Write out again the lines from the line with "1~3세트 승리팀과 점수차를" up to and including the line with "В Pandora 5910", exactly as they stand below, and skip any picture.

==================================================

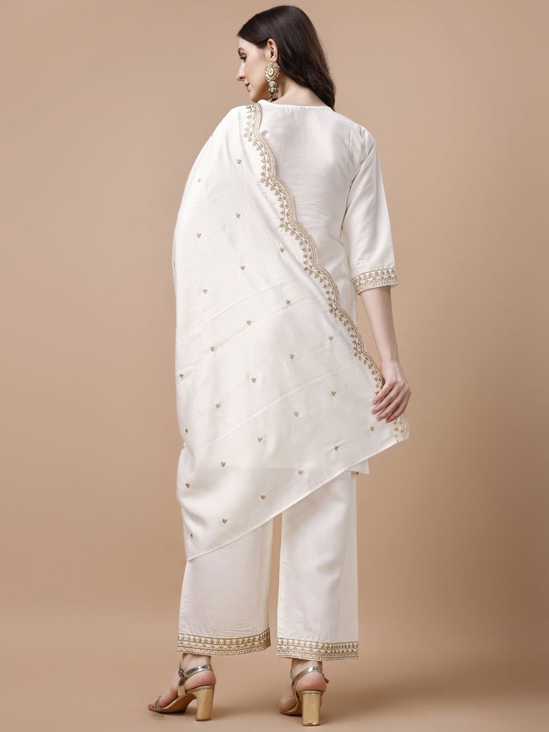 KALINI Ethnic Motifs Embroidered Straight Zari Kurta With Trousers & Dupatta
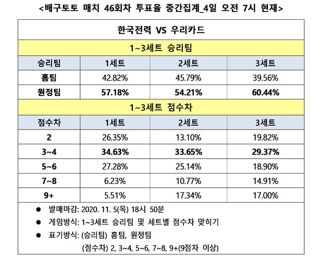 1~3세트 승리팀과 점수차를 맞히는 배구토토 매치 46회차 게임에서 1~3 세트별 예상 승리팀은 모두 원정팀인 우리카드의 차지로 돌아갔다.
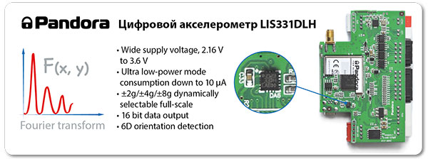 В Pandora 5910 применен совершенный 3-х координатный акселерометр c цифровым интерфейсом LIS331DLH от компании STMicroelectronics, который используется в топовых современных смартфонах, таких как Iphone 5. Кроме того, применены совершенные математические алгоритмы, используемые в геодезических приборах и навигации быстродвижущихся объектов в космонавтике и современной авиации.
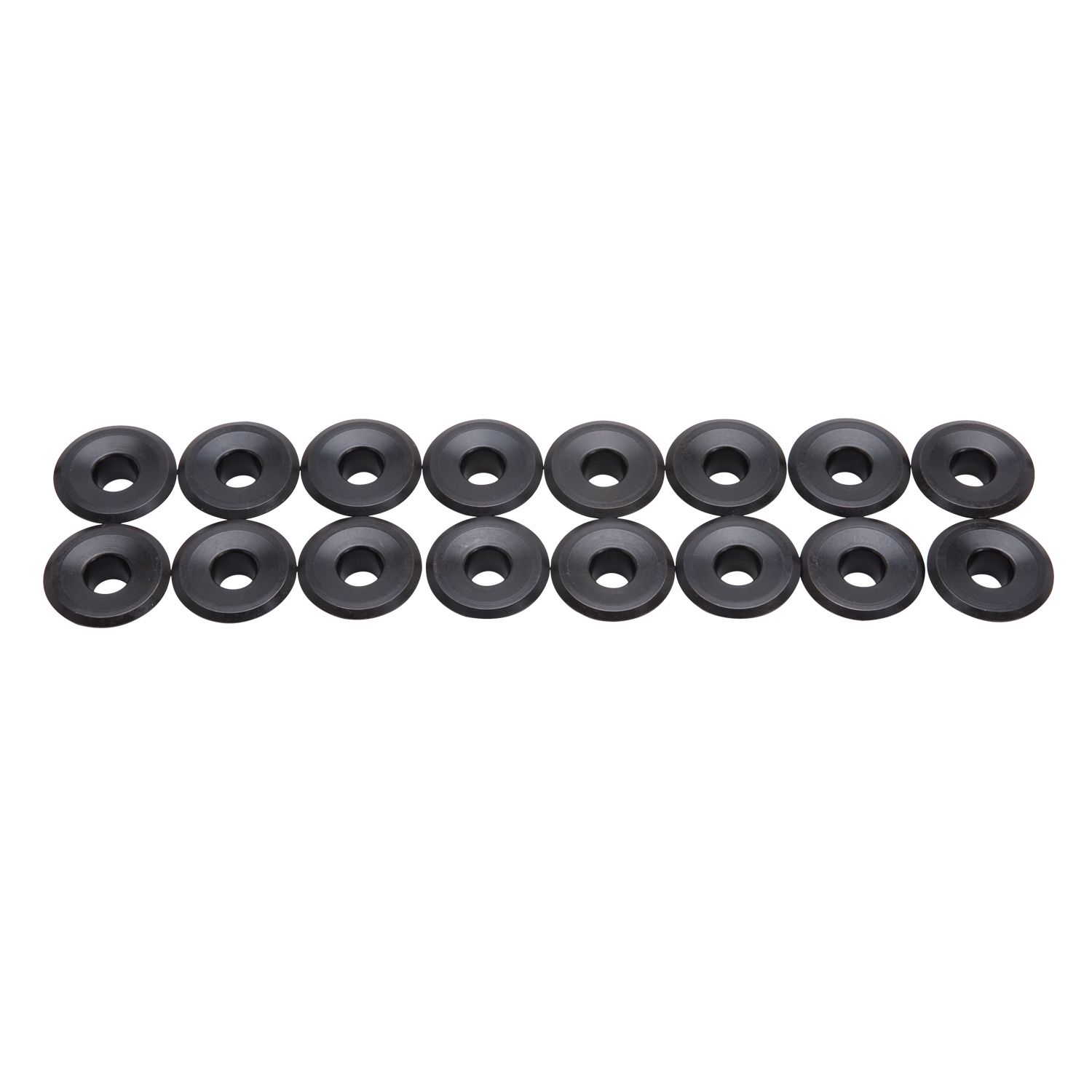 These valve spring retainers are made from 4140L steel and have an 1.375 outer diameter with an 1.070 spring diameter. Retainers are tapered 7 Deg for 11/32" locks and are finished with a black oxide coating. Kit comes in a set of 16.
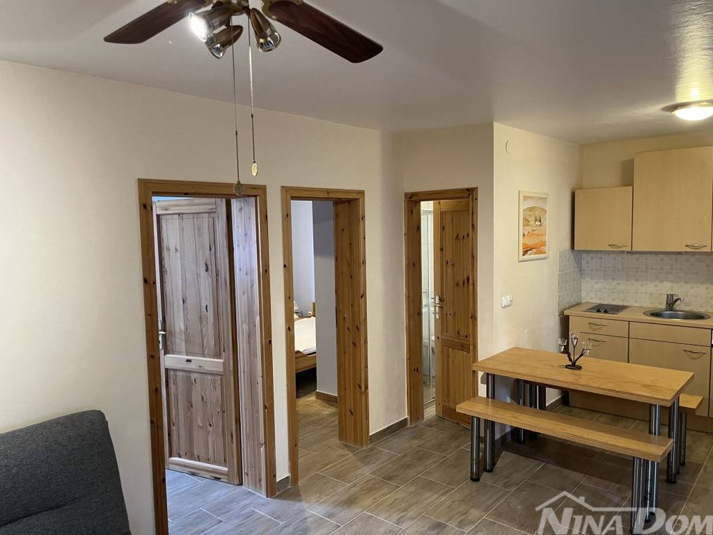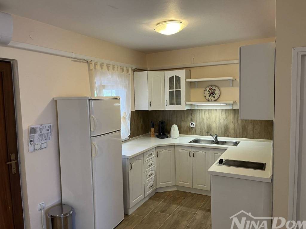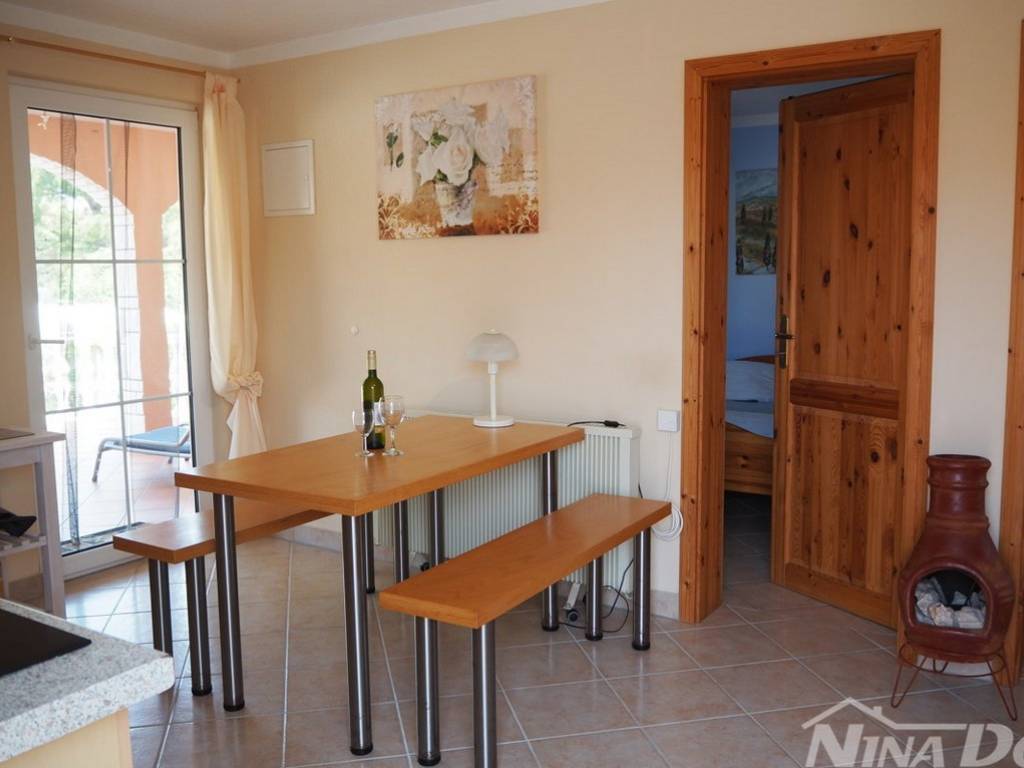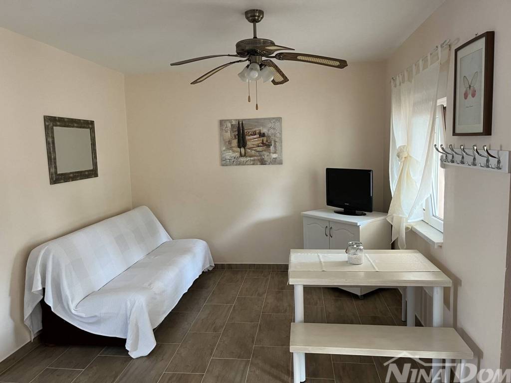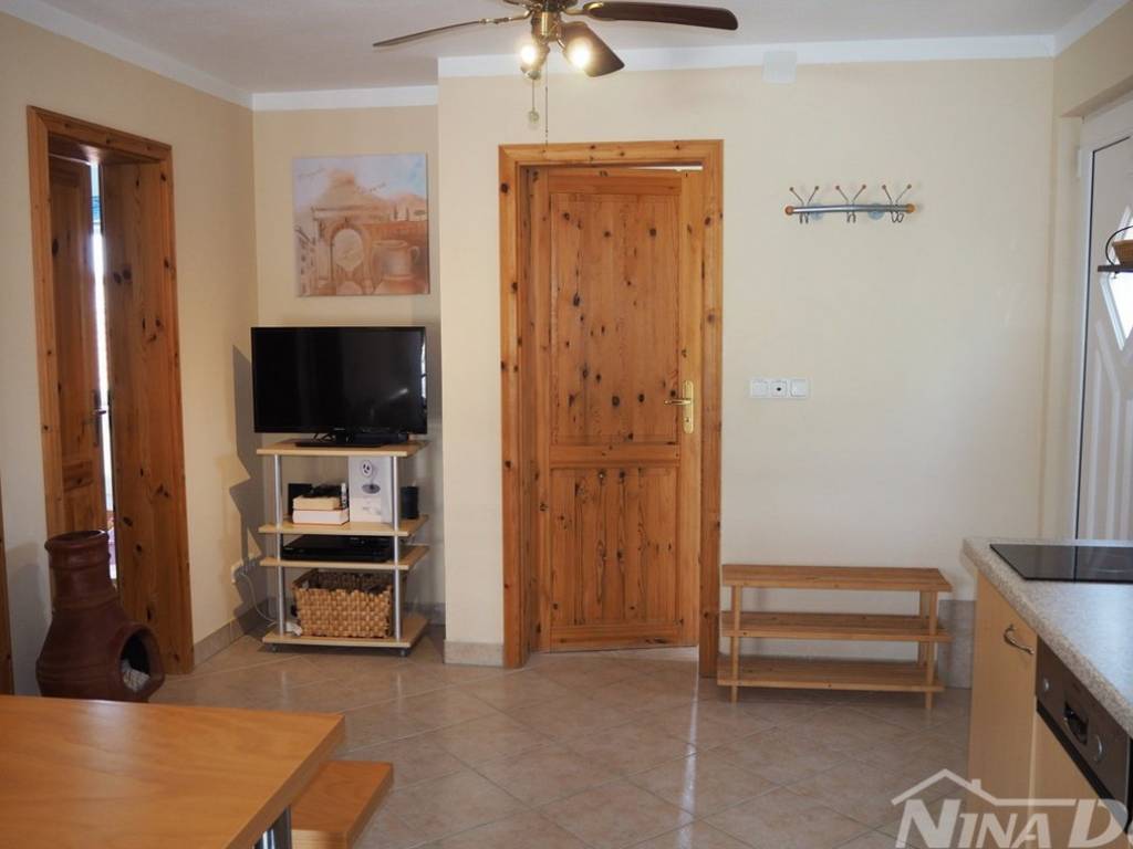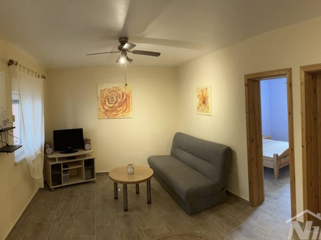 Južna strana otoka Vira, nekretnina koja se sastoji od prizemlja i kata s tri stambene jedinice, vanjskih tlocrtnih dimenzija 15,04 x 12.59 met. Prizemlje: dva identična apartmana od kojih svaki ima dvije spavaće sobe, kuhinja s dnevnim boravkom, kupaona, natkrivena terasa. Kat: vanjske stepenice, kuhinja s blagovaonicom, dvije spavaće sobe, kupaona, terasa koja je djelom natkrivena a dijelom otvorena, manja ostava na terasi. Kompletno je opremljena i kao takva se prodaje (osim osobnih stvari prodavatelja). Klimatizirana. Okućnica uređena s parkirnim mjestima. Voda: dvije cisterne za vodu od kojih svaka ima 12 m3. Priključak na elektro mrežu. septička jama. Od lijepo uređene plaže udaljena je svega 160 metara.

==================================================

▶ [EXERCISE SOLUTION]
 1~3세트 승리팀과 점수차를 맞히는 배구토토 매치 46회차 게임에서 1~3 세트별 예상 승리팀은 모두 원정팀인 우리카드의 차지로 돌아갔다.
 В Pandora 5910 применен совершенный 3-х координатный акселерометр c цифровым интерфейсом LIS331DLH от компании STMicroelectronics, который используется в топовых современных смартфонах, таких как Iphone 5. Кроме того, применены совершенные математические алгоритмы, используемые в геодезических приборах и навигации быстродвижущихся объектов в космонавтике и современной авиации.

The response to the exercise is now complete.